» **PROBLEM REQUIREMENTS**: Give back the lines below verbatim, omitting all pictures.

» **RECORDED INFORMATION**:

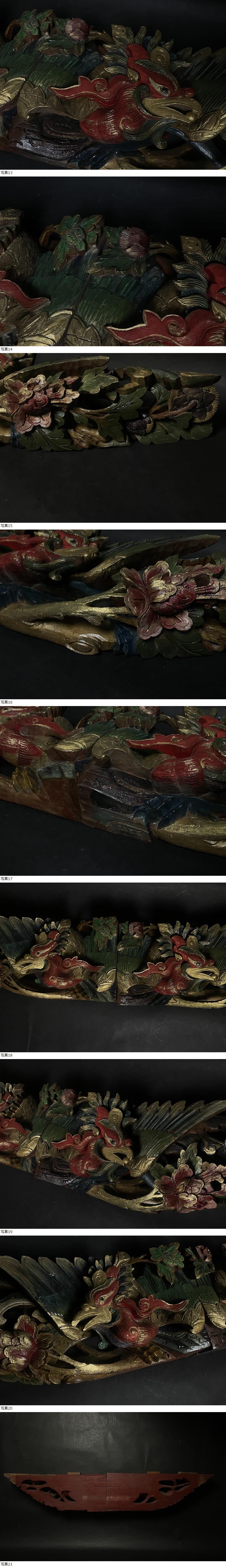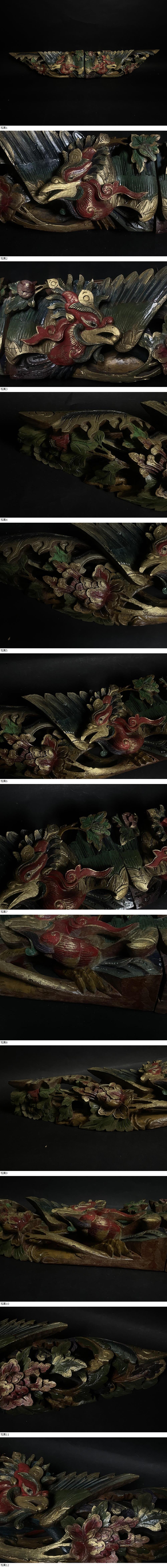 | 中国美術 木彫彩色鳳凰彫刻欄間 時代 看板 細密木彫 神社仏閣 幅約110cm |
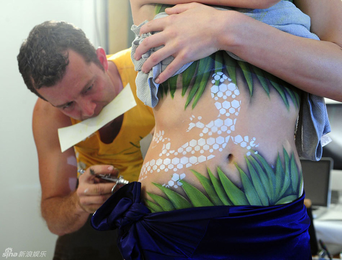 La sexy model Yvonne Strahovski posa desnuda luciendo el cuerpo con body paint
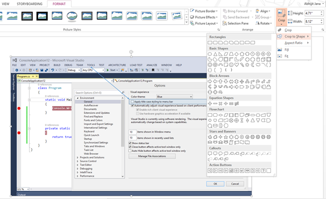 As a blogger we generally spend good amount of time by editing images, creating diagrams for blog posts. I personally use PowerPoint for most of these diagram creation and images editing for my blog post. ‘Crop Image to a Shape’ was something that I overlooked. In fact, I have seen this feature earlier, but could not realized that I could use this feature for nice image editing for my own posts. This was something I realized while writing How to change Menu Bar Style in Visual Studio 2015 ? post .
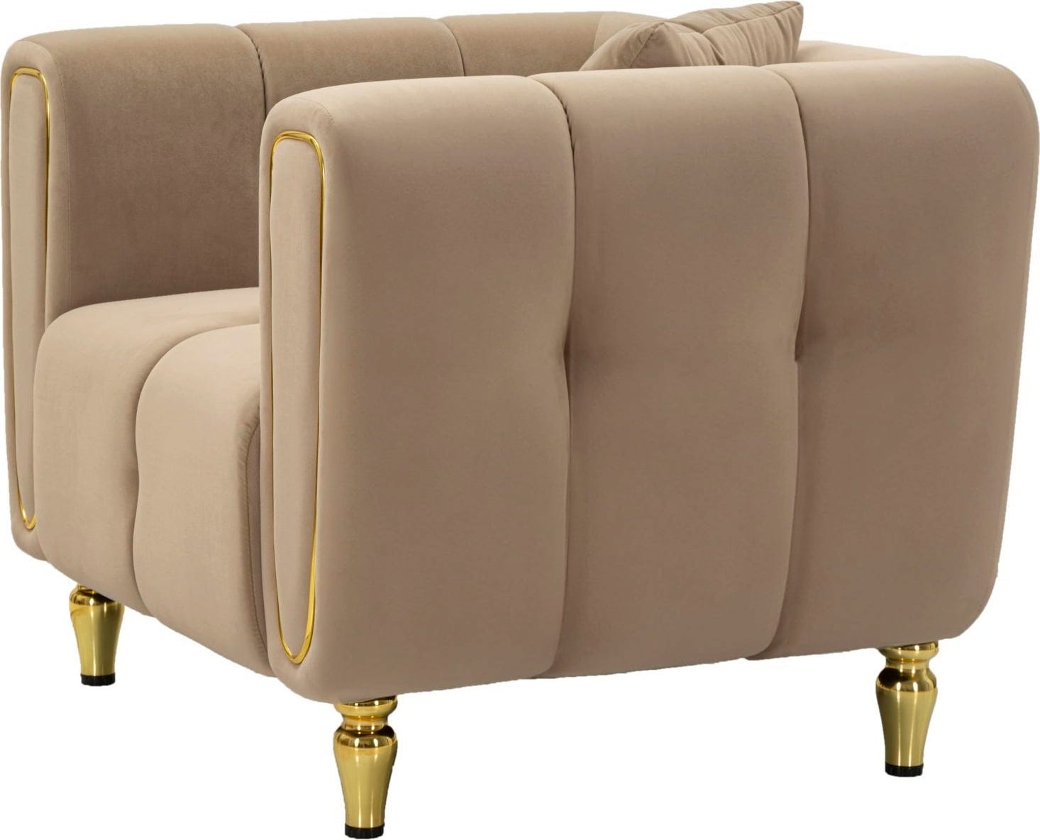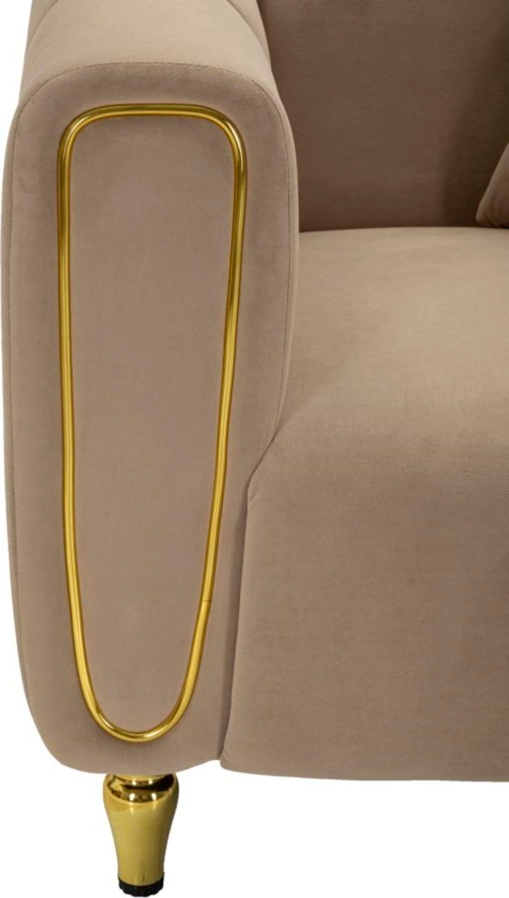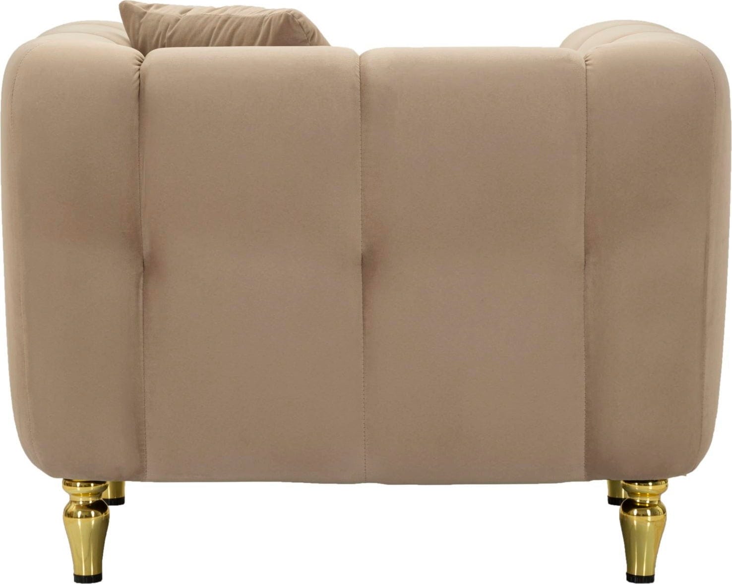 Ukrivljene naslone za roke elegantno poudarjajo bleščeči zlati detajli. Fotelj podpirajo kratke, okrogle zlate noge, ki odlično dopolnjujejo njegov sodoben in razkošen videz. Ta fotelj obljublja izjemno udobje in je idealen dodatek k sodobnim, elegantnim notranjostim, ki cenijo tako slog kot udobje.

» **ANSWER BOX**:
 | 中国美術 木彫彩色鳳凰彫刻欄間 時代 看板 細密木彫 神社仏閣 幅約110cm |
 La sexy model Yvonne Strahovski posa desnuda luciendo el cuerpo con body paint
 As a blogger we generally spend good amount of time by editing images, creating diagrams for blog posts. I personally use PowerPoint for most of these diagram creation and images editing for my blog post. ‘Crop Image to a Shape’ was something that I overlooked. In fact, I have seen this feature earlier, but could not realized that I could use this feature for nice image editing for my own posts. This was something I realized while writing How to change Menu Bar Style in Visual Studio 2015 ? post .
 Ukrivljene naslone za roke elegantno poudarjajo bleščeči zlati detajli. Fotelj podpirajo kratke, okrogle zlate noge, ki odlično dopolnjujejo njegov sodoben in razkošen videz. Ta fotelj obljublja izjemno udobje in je idealen dodatek k sodobnim, elegantnim notranjostim, ki cenijo tako slog kot udobje.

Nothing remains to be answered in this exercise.